Penrose figured out that the time and space coordinates can be scaled in such a way that events all the way out to infinity can be graphed onto a finite region in picturing them, while scaling the both in such the same way that lightlike paths remain 45 degree angle lines in the picture. This is called a Penrose diagram. What we see from the diagram is that those paths extend right through the boundaries of the picture where this time coordinate goes infinite.
Once crossing the boundary of the picture, one must define some scale for an entirely new region. Aside from time and space being scaled in such the same way as to keep those angles for the paths 45 degrees, there is nothing that requires that the scaling be the same as our first region. He proposed that what over all scales the time and space obey for the next region then are probabilistic. As such every new region extended to has a chance that an observer in the middle of it would recon that the photons came from some early extremely hot dense state that he would interpret according to his standards of spacetime coordinates as a big bang. That means that every now and again the photons cross into a region where the state happens to support life and the intelligent life in that region is left wondering why conditions are appropriate for life. The truth then is that you don't always yield regions that you get life, you just do every so often, and those are the regions that you then have life that can wonder about its condition.

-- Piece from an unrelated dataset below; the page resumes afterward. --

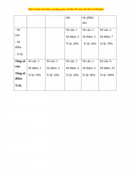 sẵn. tác phẩm thơ. - Số Số câu: 1 Số câu: 1 Số câu: 2 câu: Số điểm: 2 Số điểm: 5 Số điểm: 7 - Số Tỉ lệ: 20% Tỉ lệ: 50% Tỉ lệ: 70% điểm: - Tỉ lệ:

So the universe eventually winds up cold and dead. Expanding forever. But then after forever, sometimes the radiation from it is found in a dense state that starts up new life which interprets the state as the result of a big bang and finds that their universe will come to the same doom.
This model is based on a uniform matter distribution. In order to consider time travel and such, one must look at nonuniform cases of the matter distribution. In the real world the matter isn't perfectly uniform, so one can certainly do that. This model then just becomes a large scale approximation to the overall behavior of the universe.